In the quadrupole mass spectrometer according to the first aspect of the present invention, when the frequency of the radio-frequency signal generated in the signal generator is increased, for example, from a standard frequency (the resonance frequency when the stray capacitance of the quadrupole mass filter and other factors are in a supposed ideal state) in order to tune the LC resonance circuit, the first corrector decreases the gain by an amount corresponding to the degree of increase in the frequency. As a result, the overall gain of the detection output adjuster also decreases, which triggers a feedback operation for increasing the output of the radio-frequency voltage so as to cancel the amount of decrease in the gain, whereby the amplitude of the radio-frequency voltage applied to the quadrupole mass filter is maintained at the same level as before the frequency change. Thus, the relationship (ratio) between the amplitude of the radio-frequency voltage applied to the quadrupole mass filter and the direct-current voltage is constantly maintained, so that the mass-resolving power is retained in good condition. The second corrector corrects the target voltage by an amount corresponding to the square of the rate of change due to the frequency increase for the tuning. As a result, an optimal condition for the selection of an ion in accordance with the Mathieu equation is maintained for any mass-to-charge ratio, so that the displacement of the m/z axis will be avoided.

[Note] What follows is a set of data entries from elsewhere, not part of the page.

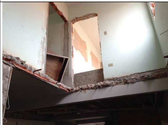
Figura 12C: Conclusão da demolição da laje pré-moldada.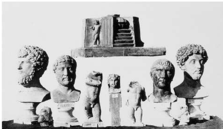
Fig. 82. "Fontaine en marbre et bustes romains (au Musée Archéologique)", ca. 1870 (Foto: J. Laurent / Arxiu Ruiz Vernacci, 4178—B.295—).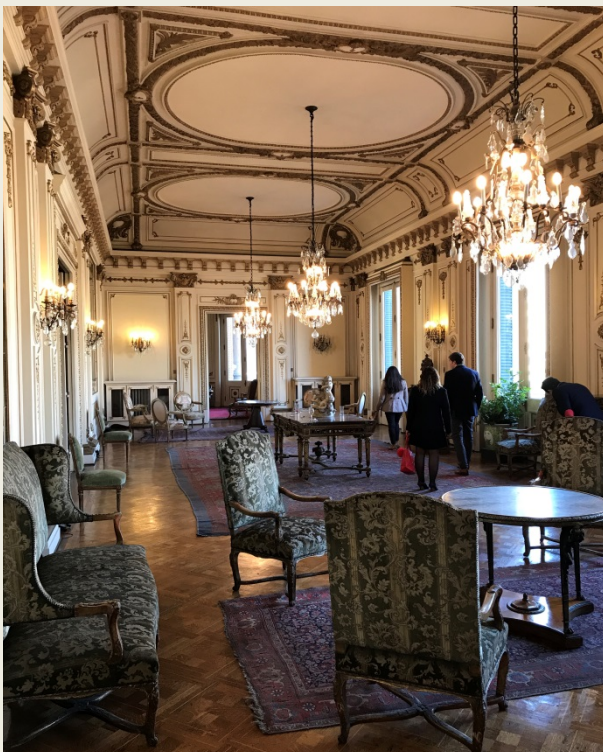
Salón 2do piso Club de la Unión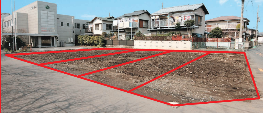
販売現地(赤のラインは区画割りのイメージを表したものです)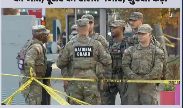
नई दिल्ली। अमेरिका के व्हाइट हाउस के नजदीक हुई गोलीबारी की घटना में बड़ा अपडेट सामने आया है। इस फायरिंग में घायल हुए दो नेशनल गार्ड जवानों में से एक ने इलाज के दौरान दम तोड़ दिया है, जबकि दूसरे जवान की हालत गंभीर बनी हुई है। डॉक्टरों की टीम उसका इलाज कर रही है। घटना के बाद पूरे इलाके में सुरक्षा व्यवस्था को और सख्त कर दिया गया है। हालात को देखते हुए राष्ट्रपति डोनाल्ड ट्रंप ने वॉशिंगटन डीसी में सुरक्षा बढ़ाने के लिए 500 अतिरिक्त सैनिकों की तैनाती के आदेश दिए हैं।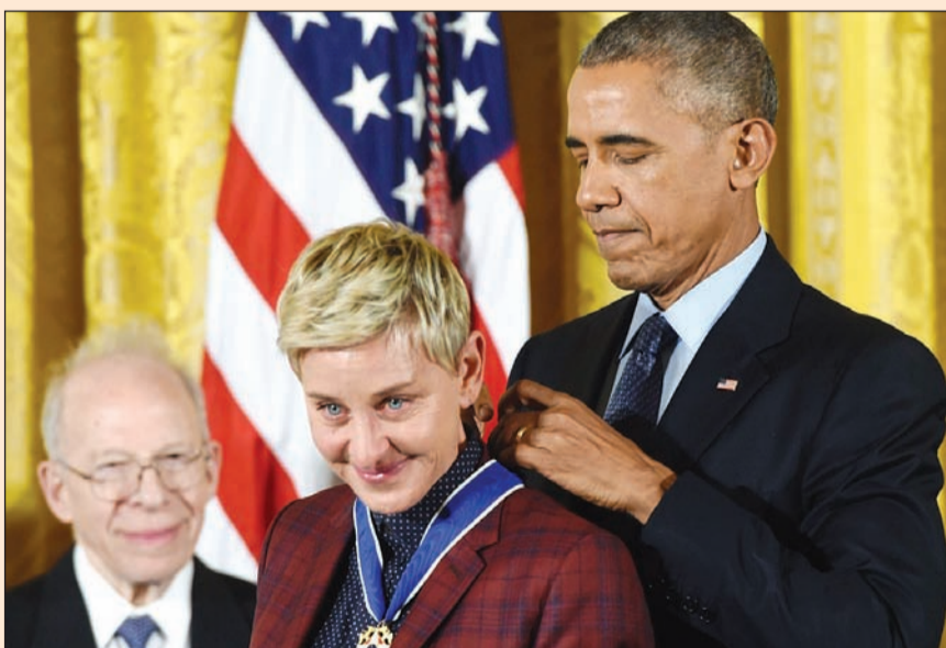
وسام الحرية لإيلين دجينيريس (أب)

نيويورك - وكالات: قام الرئيس الأمريكي باراك أوباما يوم أمس بمنح وسام الحرية الرئاسي لعام 2016 لـ 21 شخصية في البيت الأبيض. ومن بين المكرمين الممثلين توم هانكس وروبرت دي نيرو وروبرت ريدفورد والمغني بيروس سيرينغستين والمغنية ديانا روس ومقدمة البرامج الحوارية إيلين دجينيريس التي بكت في الحدث وواساها روبرت دي نيرو.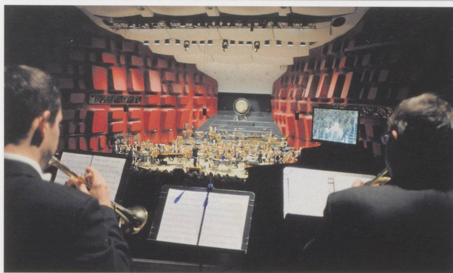
L'orchestre de la SWR Baden-Baden / Freiburg interprétant « Kraft » (1983–1985) de Magnus Lindberg.

Eine Dokumentation der Donaueschinger Musiktage 2013 ist erschienen beim Label Neos: NEOS 11411-14 (4 SACD)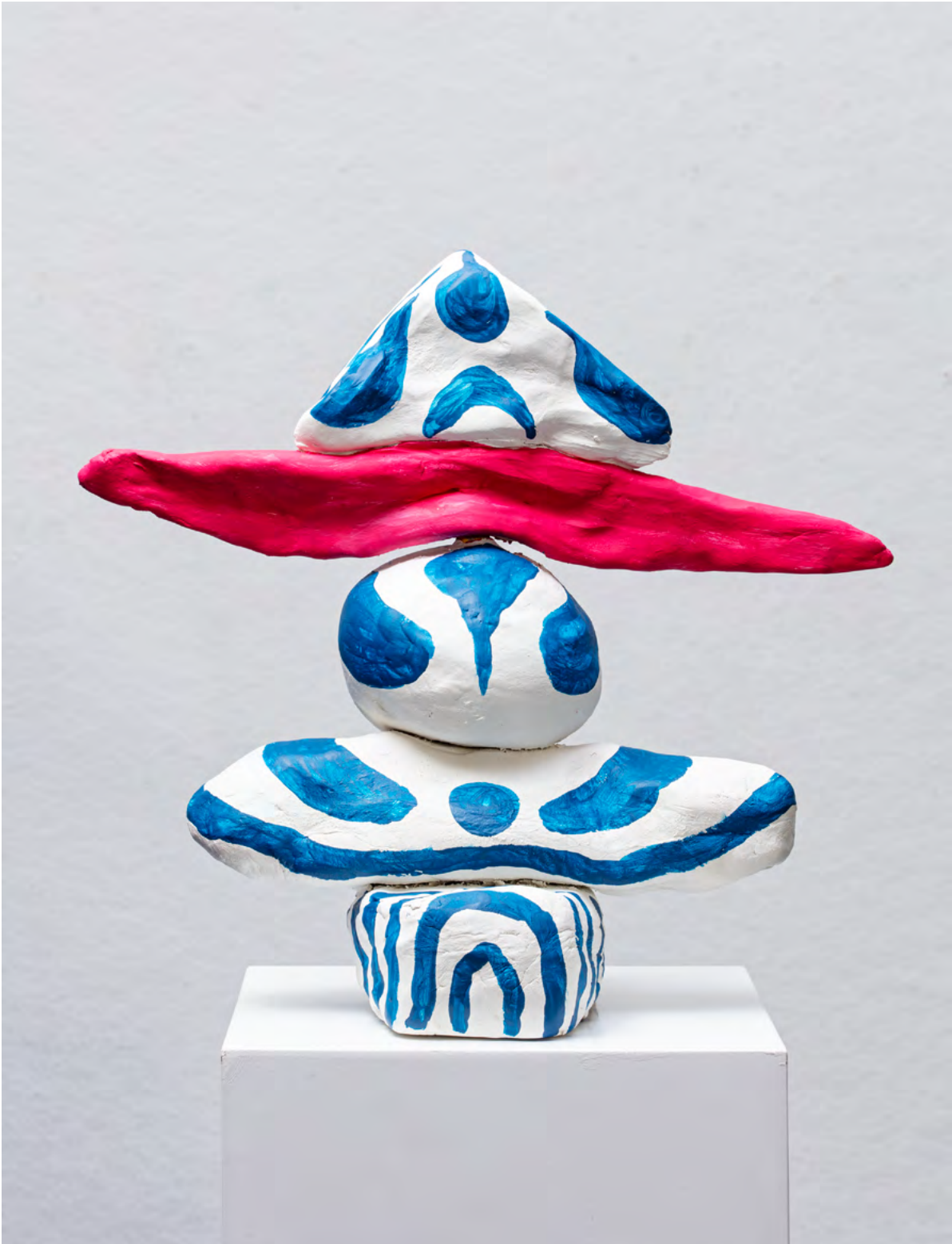
KRAFT-TIERE , 2024 Skulptur aus Modelliermasse 33 x 34 x 15 cm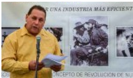
Muebles Ludema, ejemplo de Empresa Estatad Socialista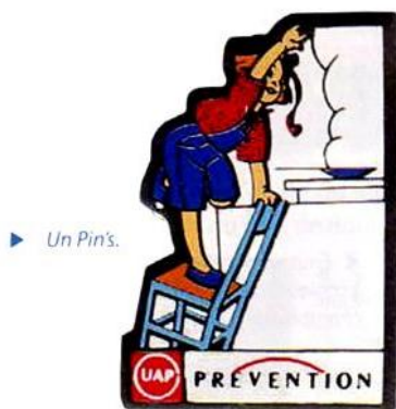
► Un Pin's.

Afin de présenter notre recherche, chacun fait comme il le sent bien sûr ! Mais il apparaît nécessaire de structurer cette présentation : raconter une histoire est le moyen le plus simple d'atteindre cet objectif.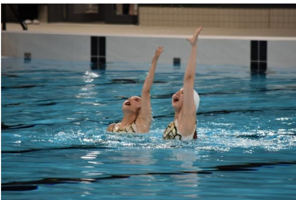
▲水泳（アーティスティックスイミング）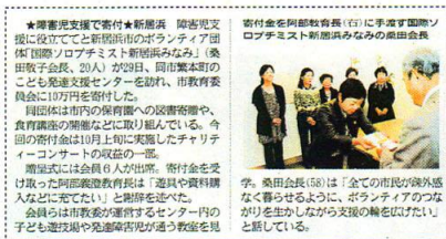
発達支援課へ寄付金贈呈式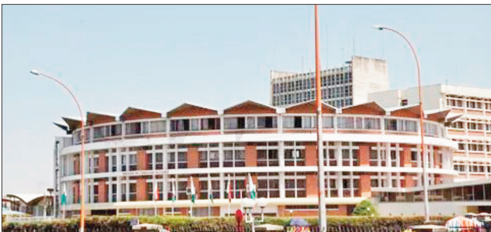
Ny ministeran'ny fanabeazam-pirenena etsy Anosy.

Ny 2 volana faha-4, hanomboka ny 11 martsa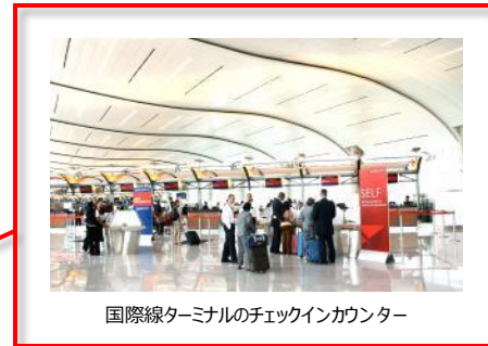
国際線ターミナルのチェックインカウンター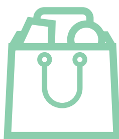
Feria libre/ Comercio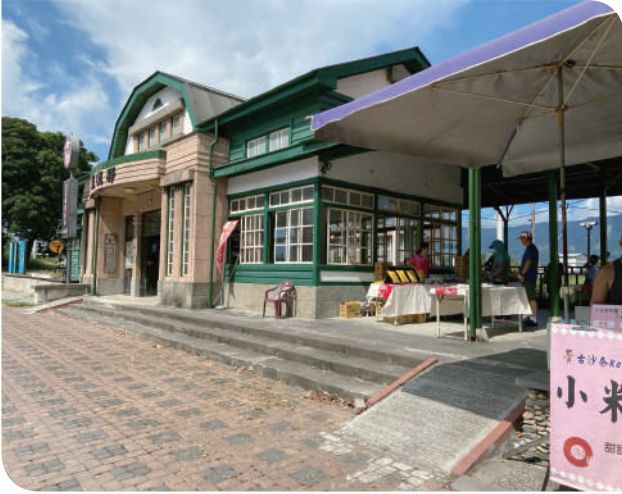
▲關山站建於 1922 年，舊名「里壠」，1937 更名為關山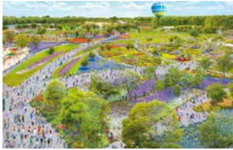
国際園芸博覧会会場イメージ

答 常陸乃国(ひたちなか)いせ海老や常陸国(ひたちなか)天然まがもなど、食の魅力に加え、ネモフィラ、コキアなどの花絶景、韓国で人気がある

The second aspect of the present invention aimed at solving the aforementioned problem is a quadrupole mass spectrometer including a quadrupole mass filter composed of a plurality of electrodes, a quadrupole power source for applying a predetermined voltage to each of the electrodes of the quadrupole mass filter so as to selectively allow an ion having a specific mass-to-charge ratio to pass through the quadrupole mass filter, and a controller for giving the quadrupole power source an instruction on a target voltage corresponding to the mass-to-charge ratio of a target ion,

the quadrupole power source having a wave detector for detecting a radio-frequency voltage applied to the quadrupole mass filter and generating a DC detection output, a detection output adjuster for adjusting the gain of the detection output generated by the wave detector, a radio-frequency power source which includes a signal generator for generating a radio-frequency signal with a variable frequency and which produces a radio-frequency voltage whose amplitude is based on a comparison between an output of the detection output adjuster and the target voltage and whose frequency is equal to or proportional to the frequency of the radio-frequency signal, a direct-current power source for producing a direct-current voltage based on the output of the detection output adjuster, and a superimposer for superimposing the direct-current voltage produced by the direct-current power source and the radio-frequency voltage produced by the radio-frequency power source, where the radio-frequency voltage superimposed by the superimposer is applied to the quadrupole mass filter after being increased by an LC resonation circuit including, as a component thereof, a stray capacitance between the electrodes of the quadrupole mass filter, and where the LC resonance circuit is tuned by adjusting the frequency of the radio-frequency signal,

wherein the quadrupole power source includes:

a) a first corrector for correcting an output sent from the detection output adjuster to the direct-current power source according to a ratio of a frequency change so that the ratio between the amplitude of the radio-frequency voltage applied to the quadrupole mass filter and the direct-current voltage is constantly maintained, by changing the output sent from the detection output adjuster to the direct-current power source by an amount corresponding to a change in the output of the radio-frequency power source when the frequency of the radio-frequency signal is changed from a standard frequency for the purpose of tuning; and

b) a second corrector for correcting the target voltage according to the cube of the ratio of the frequency change when the aforementioned frequency change for the tuning is made.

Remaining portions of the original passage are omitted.